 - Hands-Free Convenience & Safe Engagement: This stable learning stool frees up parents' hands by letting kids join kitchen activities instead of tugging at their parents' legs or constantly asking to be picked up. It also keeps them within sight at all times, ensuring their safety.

• • • •

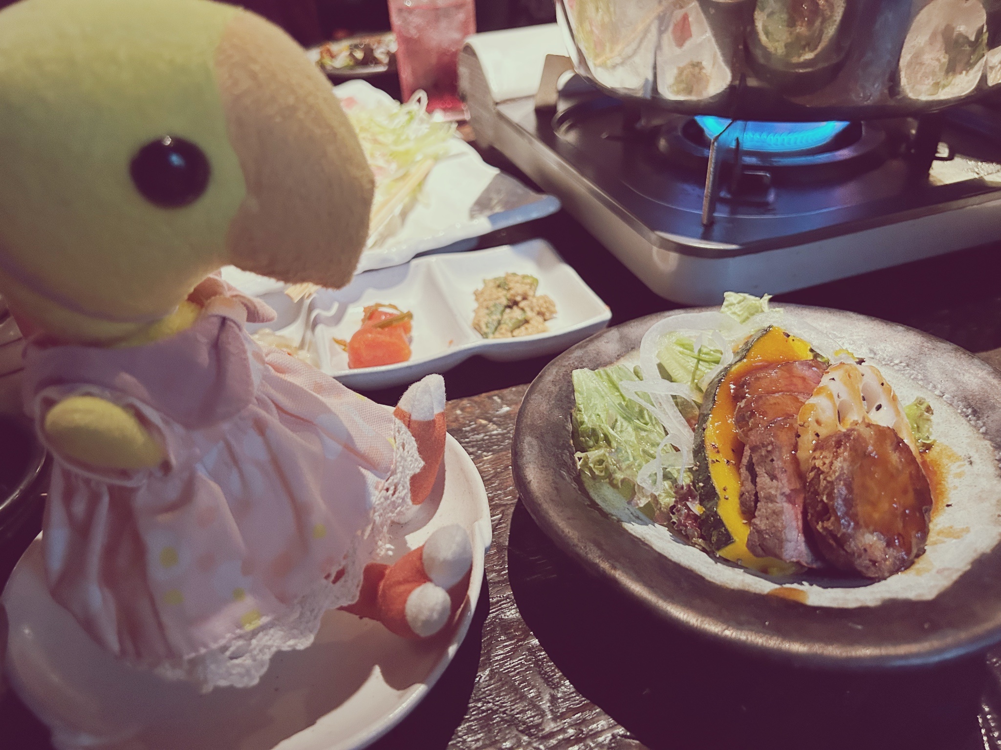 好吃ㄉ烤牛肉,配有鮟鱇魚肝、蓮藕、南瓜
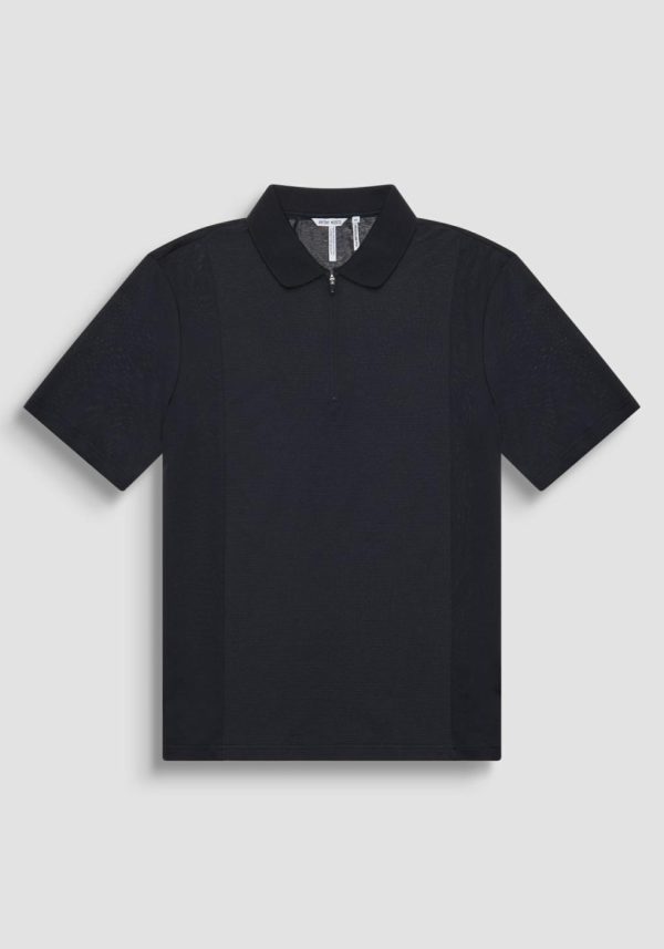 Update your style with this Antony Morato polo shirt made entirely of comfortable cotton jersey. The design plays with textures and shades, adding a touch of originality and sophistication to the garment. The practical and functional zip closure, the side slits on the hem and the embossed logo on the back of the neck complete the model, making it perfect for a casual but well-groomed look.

• • • •

Where a picture appears in the records above, omit it, and transcribe exactly the stretch of lines from the one with "好吃ㄉ烤牛肉,配有鮟鱇魚肝、蓮藕、南瓜" through the one with "Update your style".

=== Task answer ===
 好吃ㄉ烤牛肉,配有鮟鱇魚肝、蓮藕、南瓜
 Update your style with this Antony Morato polo shirt made entirely of comfortable cotton jersey. The design plays with textures and shades, adding a touch of originality and sophistication to the garment. The practical and functional zip closure, the side slits on the hem and the embossed logo on the back of the neck complete the model, making it perfect for a casual but well-groomed look.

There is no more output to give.